All Derogatory Credit Must Be Analyzed

  • If there are minor collections accounts such as a medical collection account – they may not have to be paid for approval. Also if the collections are minor and do not affect the lender’s lien status.
  • If there is a history of collection accounts by the applicant (s) there must be re-established credit lines for 12 months. This does not mean that the loan cannot be approved, but each situation must be evaluated as all circumstances are not the same for all applicants.
  • If the applicant is in a Chapter 13 Bankruptcy – which is considered a repayment plan that usually exists for a 24 to 36 months time period. The payout time for approval must be a satisfactory repayment history of at least 12 months. An attorney who handles Chapter 13 must give their approval to enter into credit again.
  • Chapter 7 Bankruptcy – required at least 2 years from discharge to prove that they have had sufficient time to re-establish themselves.
  • A determination is usually made by a review of the credit report for all significant issues that may have caused delinquency.
  • If there are extenuating circumstances, the underwriter can evaluate the credit report/obligations prior to and after the bankruptcy.
  • The latter can provide the lender with a final determination as to the re-established credit and willingness to repay their debts.

Summary

The lender will make a decision based on the final analysis of all credit information, eligibility, and determination that the loan being obtained will be paid.

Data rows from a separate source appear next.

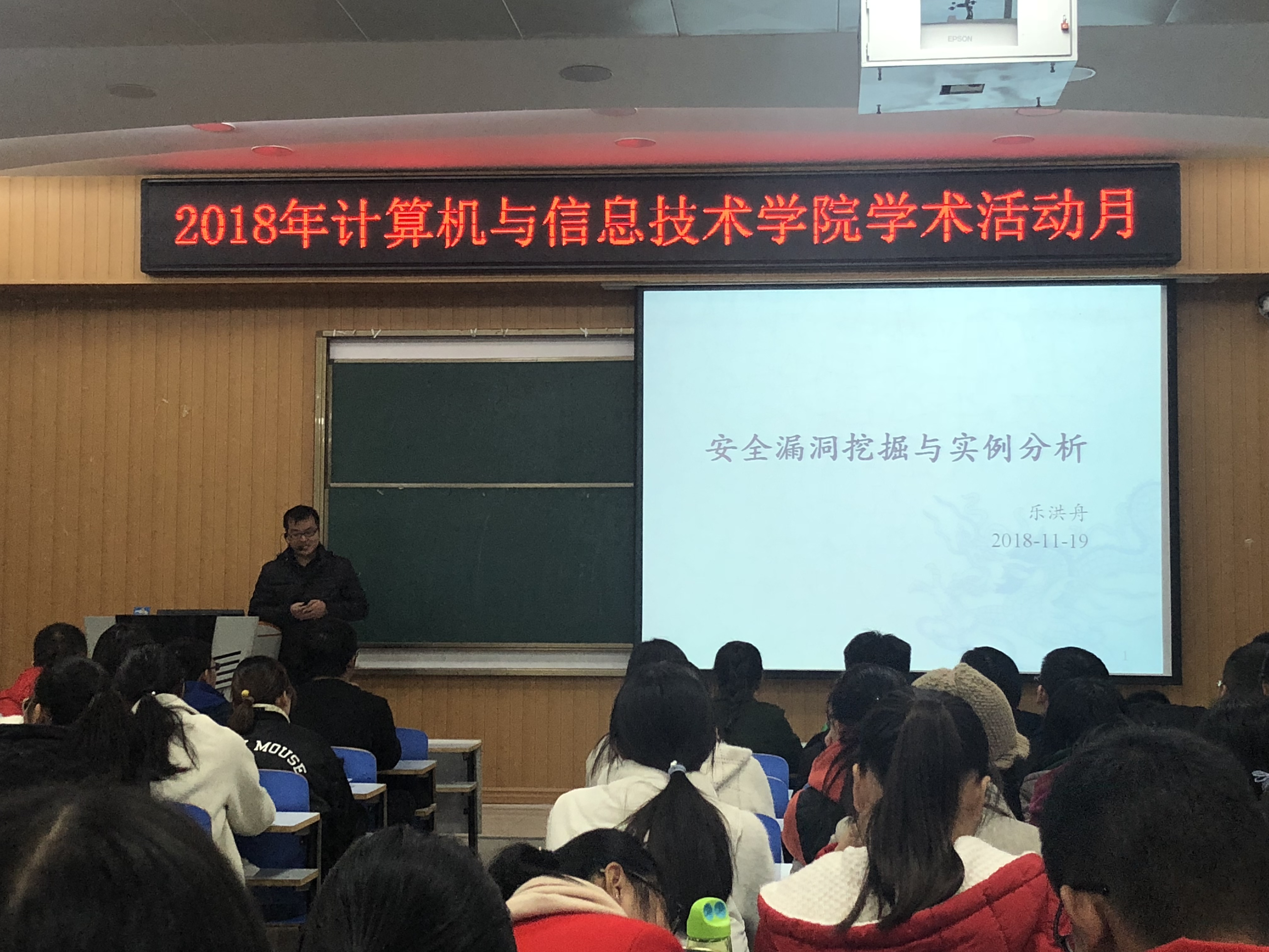 11月19日下午,信阳师范学院williamhill中国尤赵鹏、乐洪舟博士在计算机楼107教室分别作了题为“面向闪存的纠错码方法研究”和“安全漏洞挖掘与实例分析”的学术报告。计算机学院副院长黄俊、冯岩和李国梁等学院领导、学院部分教师、全体研究生以及部分本科生参加了报告会。报告会由williamhill中国副院长冯岩主持。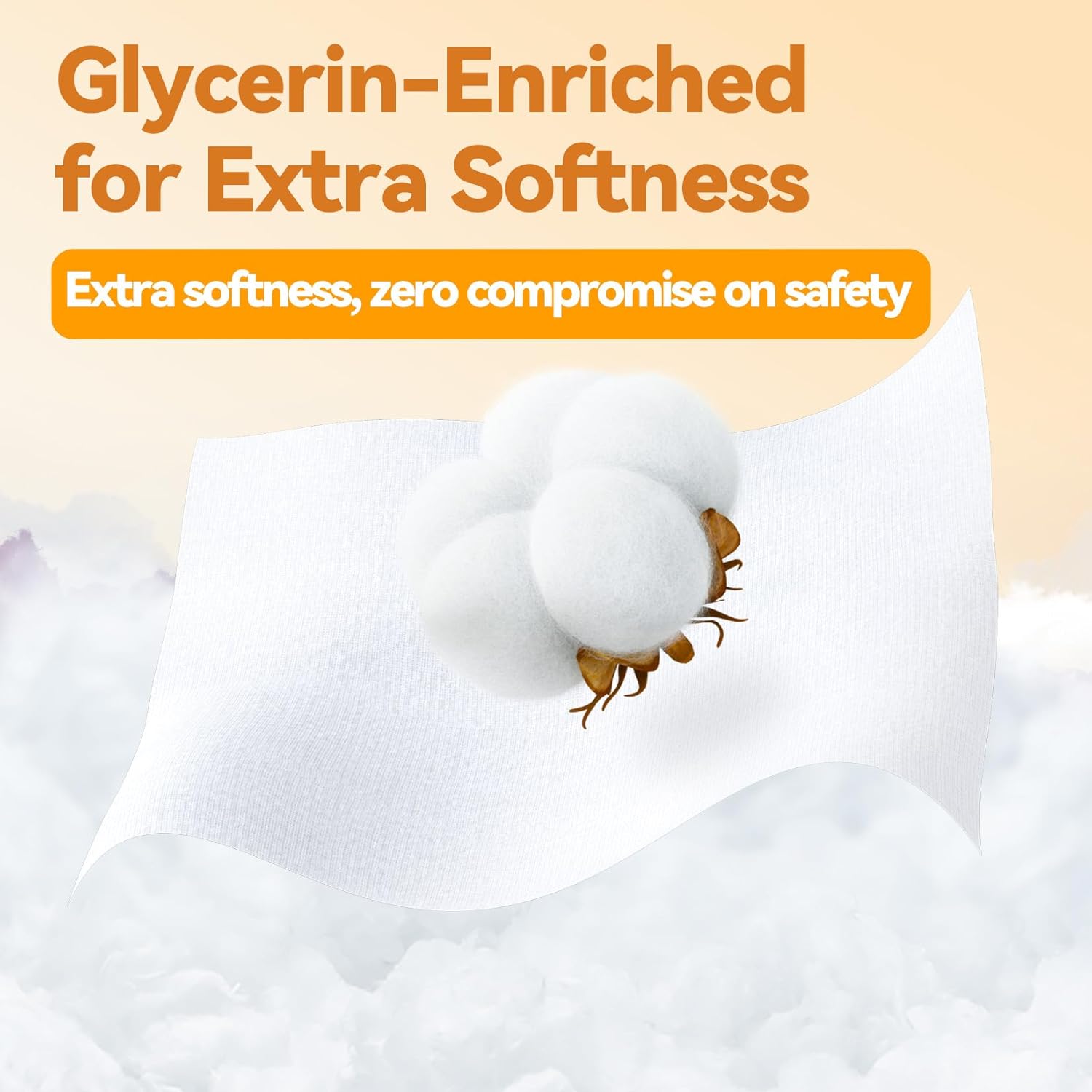 - ULTRA-GENTLE & HYDRATING BABY WIPES – Crafted from 100% US cotton infused with natural glycerin, these dry wipes provide exceptional softness while locking in moisture. The nourishing formula helps protect your baby's delicate skin barrier, preventing dryness and irritation.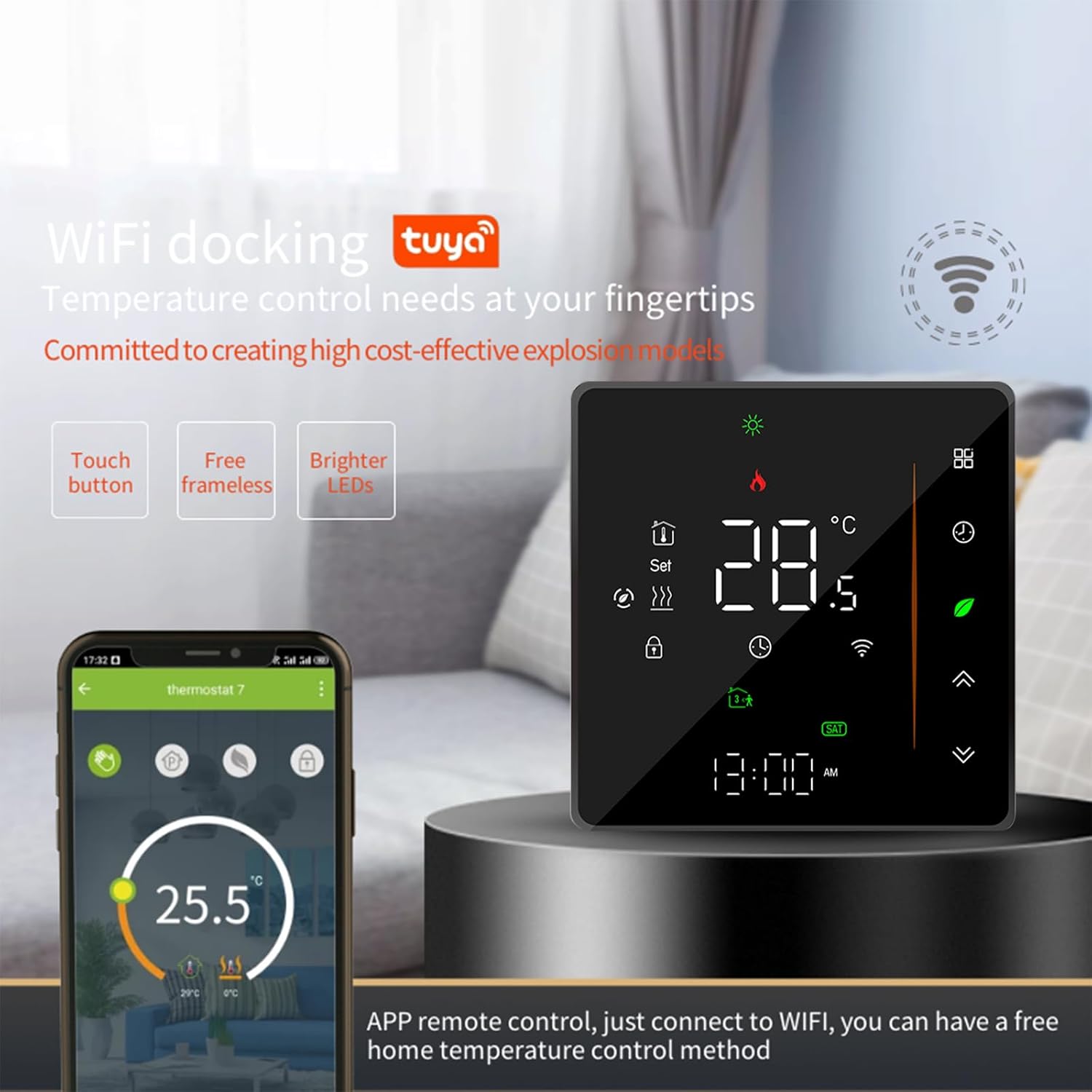 Qiumi Smart WiFi Thermostat Temperature Controller Smart Life Tuya APP Remote Control for Water Gas Boiler Heating Compatible with Alexa Google Home, 5A 95~240VAC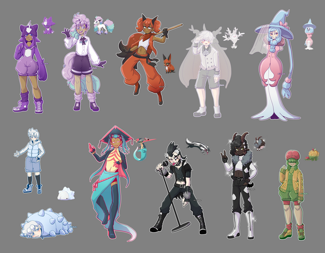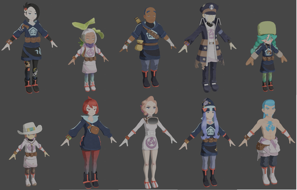 all models use a pokemon masters character as a base with the rest done by me! abzu, athena, rosetta, and hzel use misty ; mishka uses marlon ; spinch uses allister

As with any mortgage loan – VA documentation is somewhat detailed. The mortgage loan is detailed in general and rightly so. This not only protects the lender but also protects the purchaser from what could be a disaster down the road.

We will be back with more on VA Loan Policies and Regulations later. We will address income, and assets, talk about the automated underwriting system, and more.